After a series of delays, Prime Minister orders the line to Russia’s diamond capital Yakutsk to be ready for the first passengers by July.
Prime Minister has ordered that construction work is finished by July 1. Picture: Rossiyskaya Gazeta
Prime Minister Dmitry Medvedev has laid down a deadline for the completion of track that would create an extension to the famous Trans-Siberian Railway.
It had been hoped a link connecting the route, and its northerly cousin the Baikal Amur Mainline, to the city of Yakutsk in the Far East would have been finished in 2012.
The first cargo train did travel from Tommot to Nizhny Bestyajh, a station across the Lena River from Yakutsk, on August 30 last year but as yet the line is still not in full use. Indeed, only 90 per cent of it is ready.
Now the Prime Minister has ordered that construction work is finished by July 1. The announcement came following a meeting in Khabarovsk in which the project was discussed as part of overall plans for the social and economic development of the Far East.
Russia’s Ministry of Transport, the Ministry of Finance and the government of Yakutia – also known as the Sakha Republic – were ordered to ensure adequate funding is in place.
The infrastructure was supposed to have been completed by 2012 but the general contractor, Transstroy Engineering Corporation, rescheduled the launch several times.
The first cargo train did travel from Tommot to Nizhny Bestyajh, a station across the Lena River from Yakutsk, on August 30 last year but as yet the line is still not in full use. Pictures: Yegor Borisov, Apsat
Transstroy is one of the oldest Russian companies operating in infrastructure construction, having been created by then Minister for Transport Construction Vladimir Brezhnev in 1991. But the company has debts of about 300 million roubles, with almost 86 million roubles still to be paid to subcontractors.
Nevertheless Yakutia’s leader Egor Borisov has also insisted on the project being finished this year, and ordered the Ministry of Finance to consider an amendment to the federal budgets for 2015 to 2017.
Ultimately the new 1,239 (770 mile) rail link will connect the famous Trans-Siberian route to Yakutsk.

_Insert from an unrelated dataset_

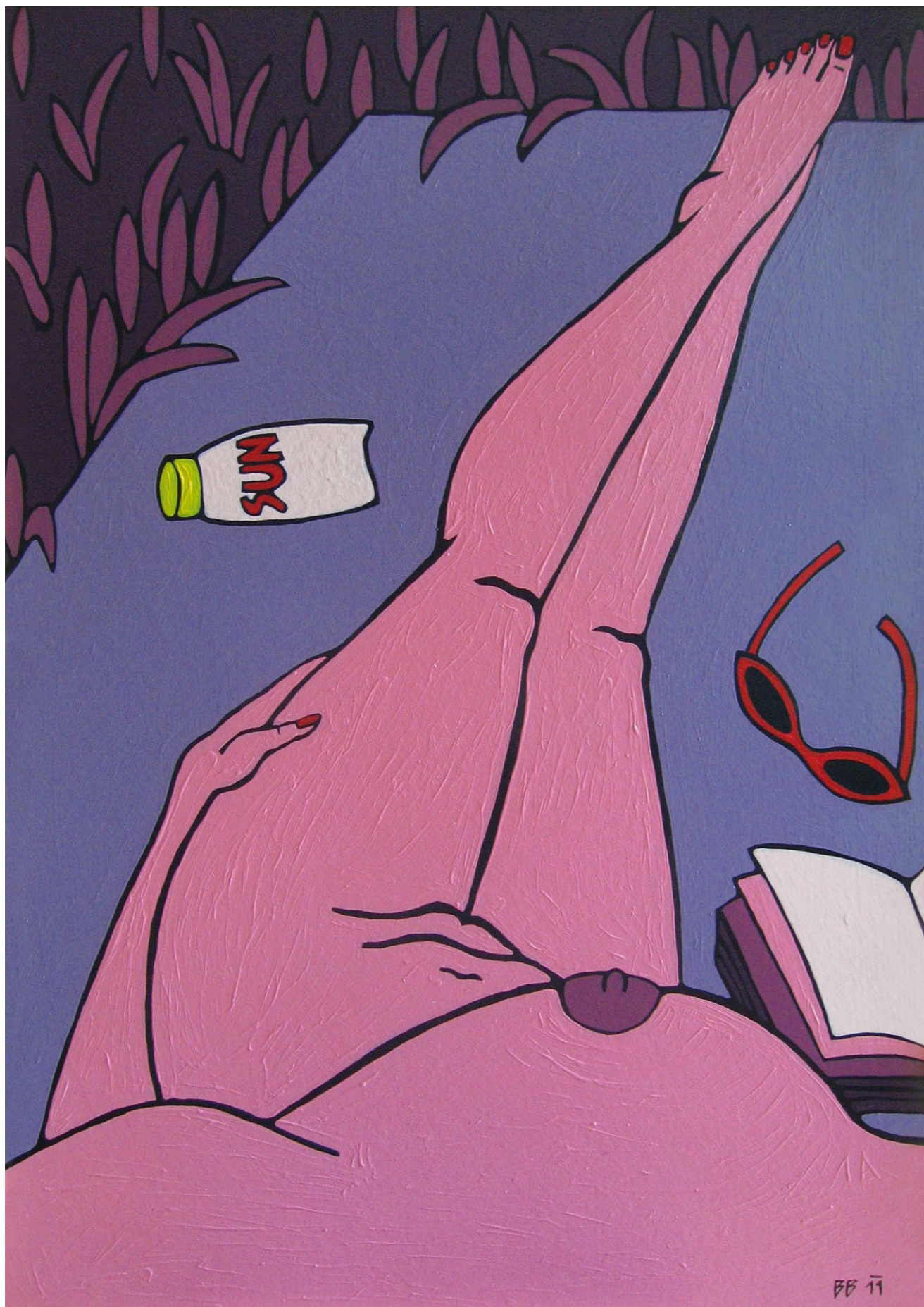
sun, 2011 akryl na lepence, 70 x 100 cm
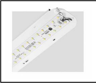
TYTAN MULTI LED 1150mm 5000-8700lm 840 - module d'éclairage (358944)

It will actually reach the opposite side of the Lena River with a mega 3km bridge connecting the new railway station with the city itself.
The route presents a major new tourist attraction for rail explorers from around the world, and for Russians themselves.
Called AYAM - the north-south Amur-Yakutian Mainline (BAM) - the line has links for travellers either coming from the east or west on the Trans-Siberian and also the Baikal Amur Mainline. At its most southerly point, is the station of Bamovskaya station on the Trans-Siberian line, in the west of Amur region, some 32 km north-west of Skovorodino station.
From here the mainline goes north, joining the Baikal-Amur Mainline at Tynda station. It then proceeds and goes along the BAM for about 27 km, before heading northwards.
Currently passenger traffic operates from Tynda to the town of Tommot, located on the Aldan River, with population of more than 8,000 people. Tommot is some 390 km (240 miles) southwest of Yakutsk and 70 km (43 miles) southwest of Aldan.
This part of the route has been in operation for passengers for a decade, and for freight since 1997, but the excitement is in the link though some of Russia's remotest territory to the outskirts of Yakutsk, diamond capital of Russia.
It is said that the Amur-Yakutsk Mainline has become the largest and most complex project in the field of railway construction in Russia for the last 30 years.